I really want us to figure out a way to make collecting information for, interpreting, and resolving type-checker bugs much easier.

It has turned out that a majority of miscompilation and compiler bugs, that are not trivially diagnosable, in the past 1/2-1 year are due to the type checker. Because our compiler is type-preserving, a bug in the checker may not manifest itself until much later (e.g. alias analysis, commonly).

Checking intermediate representations (e.g. mono-check) helps, but in the end, our checker is very complicated - likely the most algorithmically complicated part of the software, if not for mono. And complicated relative to many other PL checkers (of course, sans OCaml + Haskell).

History

In the days of old, there were no debugging tools at all. It was mayhem. There were a huge number of bugs, and most were trivial to diagnose and resolve.

Fixing trivial bugs meant people could write larger programs. Writing larger programs led to more involved bugs. ROC_PRINT_UNIFICATIONS=1 and ROC_TRACE_COMPACTION=1 came to help us here. They provide a log-line based debugging utility that tells you what type checking operations are happening, in what order, which succeed, and which fail. We fixed many more bugs with these, as they provided visualization into the “obvious” issues which led to a quick diagnosis.

Today

We are now at a point where these debug flags do not materially aid in the diagnosis of new, much more involved bugs. Like before, fixing more involved bugs meant people could write even larger programs, and now we have bugs that are (seemingly) reproducible only with huge (20+ node) types.

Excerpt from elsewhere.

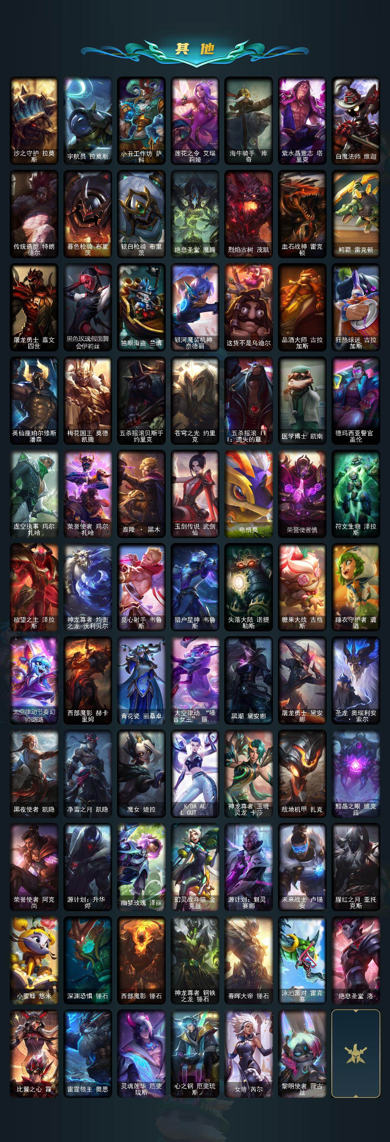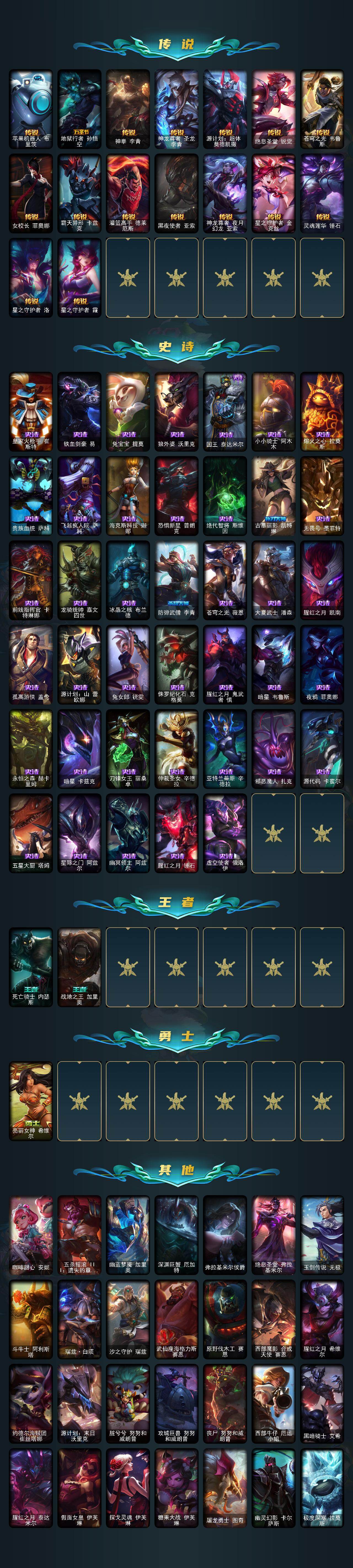 【传说皮肤】:魔幻卡牌崔斯特,血石领主弗拉基米尔,大天使长米迦勒凯尔,恶魔男爵瑞兹,欧米伽小队幽灵特工,源计划联合艾希,西部天使艾希,恶魔之刃泰达米尔,绅士科加斯,双重冰晶艾尼维亚,律政大亨蒙多,电玩女神娑娜,红色男爵库奇,未来战士凯特琳,苹果机器人布里茨,地狱行者孙悟空,神拳李青,神龙尊者圣龙李青,源计划超体莫德凯撒,绝息圣堂锐雯,苍穹之光韦鲁斯,女校长菲奥娜,霸天异形卡兹克,灌篮高手德莱厄斯,黑夜使者亚索,神龙尊者夜月幻龙亚索,星之守护者金克丝,灵魂莲华锤石,星之守护者洛,星之守护者霞

I can name many examples, including some from June 2022 when I was debugging the abilities implementation that took days to resolve. But as a motivating example, we can consider https://github.com/roc-lang/roc/issues/5464#issuecomment-1631583439 - a “High Priority” bug with a small source code, whose diagnosis I believe (but have not yet confirmed is solely diagnosed by) took more than 4 hours to come to.

I claim that I am the current SME of the type implementation - I think this is fair, but please challenge if you disagree. If it takes us half a working day to diagnose a bug relatively small in its surface syntax side, we are not positioned well for developing and stabilizing Roc in the future - especially in the face of improvements to the language design.

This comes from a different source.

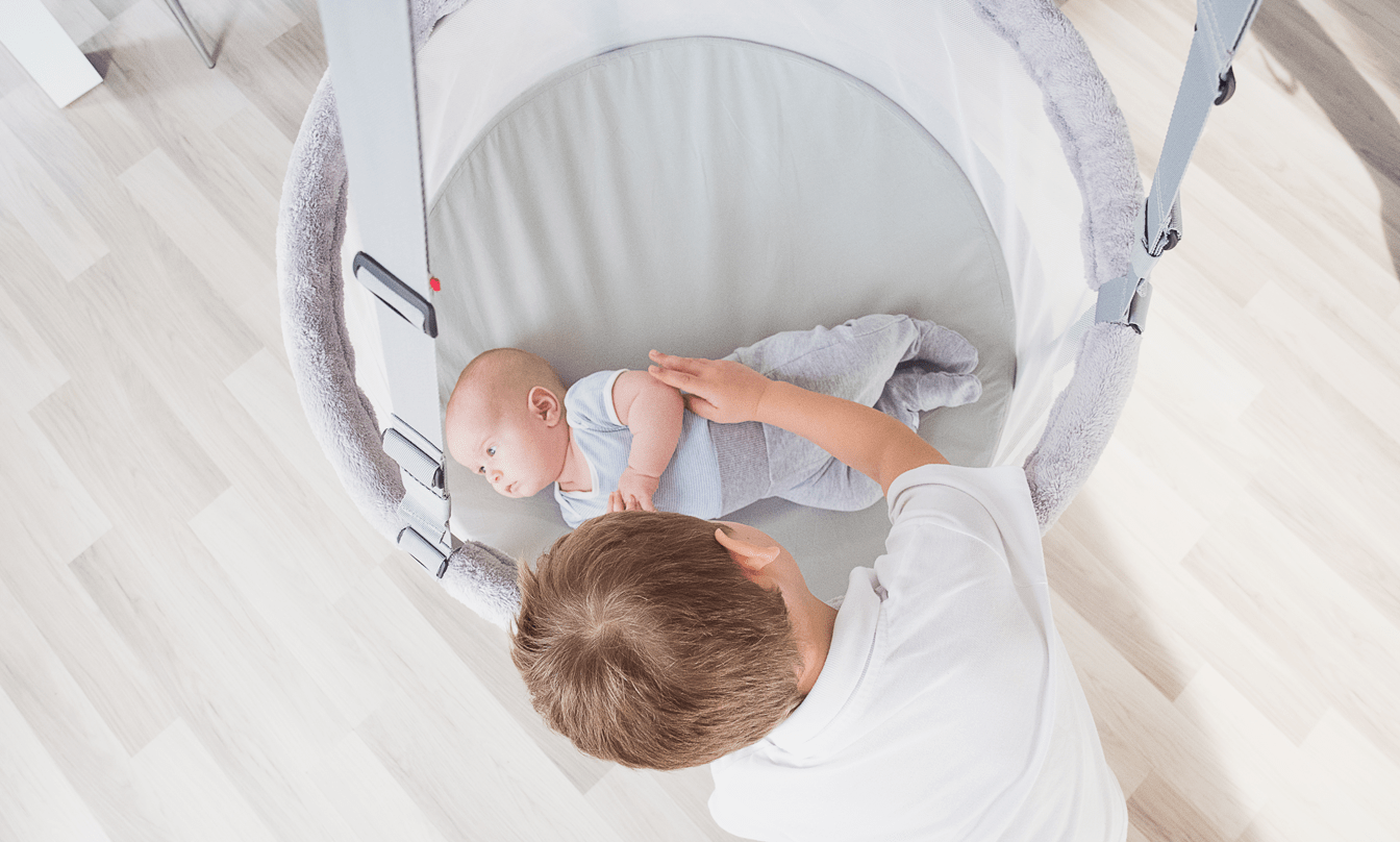 Kołysanie jak w brzuchu mamy reguluje układ nerwowy, pomaga szybciej zasypiać i przedłużać drzemki. Mniej stresu, więcej odpoczynku — dla dziecka i dla Ciebie.

What can we do about this?

Have the SMEs get better at diagnosing bugs as-is. I have no doubt I am not as efficient as I could be, but I do not think this is actionable.
Gain more SMEs. It is true that all bugs are shallow given enough eyeballs. On the other hand, I struggle to see a path forward for gaining more SMEs (at least enough to make bugs shallow) in the near term. It is already the case that we have a relatively small pool of core contributors, none of whom work solely on Roc full-time. It is not clear to me that we could actively engage multiple members of the community to become SMEs of this domain in the near term, without additional work.
Build better diagnosis tools. It’s incredible how valuable valgrind, lldb/gdb, and debug mallocs are for debugging our code generators. It’s unfortunate that we do not have similar interactive debugging tools for the type checker. If we had such tools (developed to facilitate exactly our needs), I estimate that our diagnosis time would drop significantly, and it would be easier to transfer knowledge about the checker - which might increase the number of SMEs.

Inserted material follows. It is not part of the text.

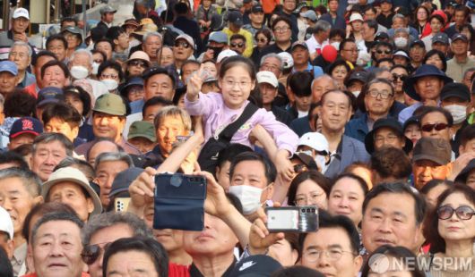 [당진=뉴스핌] 최지환 기자 = 김문수 국민의힘 대선 후보가 25일 충남 당진시장 오거리에서 열린 유세에서 지지를 호소하자 시민들이 지켜보고 있다. 2025.05.25 choipix16@newspim.com

Is this worth doing right now?

It’s important to consider the relative cost of building these tools relative to actually spending time diagnosing more bugs. If there are only a small number of material (by which I mean blocking and frequently-appearing) bugs, developing tools to make it easier to diagnose them may not make sense. But, if the tail is long and appears frequently, it does. But, if we getting the debugging tools wrong, or specialize them too much, then they may not be useful for debugging issues in the future, and we have wasted our time. And so on.

Have felt that we would benefit from better tools of this form since May 2022, I am inclined to say that it is unlikely we get the value of the tool “wrong”, and that the tail will continue to be long for a while before it shortens up. Every couple weeks I convince myself that most issues are resolved, only to diagnose a new issue that proves otherwise!

The other thing is relative priorities. Our biggest priorities right now are stabilizing glue, supporting the usage of Roc at Vendr, and unblocking the path forward for composable effect-handler Task/Map2/etc. Glue is close to stabilization, and the latter two efforts only benefit from our being able to diagnose checker bugs faster. And, none of these are in an immediate rush - which means we have some room to go build good tools, to the extent that it’s not a waste of time.

Finally, I’ll mention that these tools may pay off as inspiration/plugins for the eventual editor, or even as other tools available for developers in the Roc system.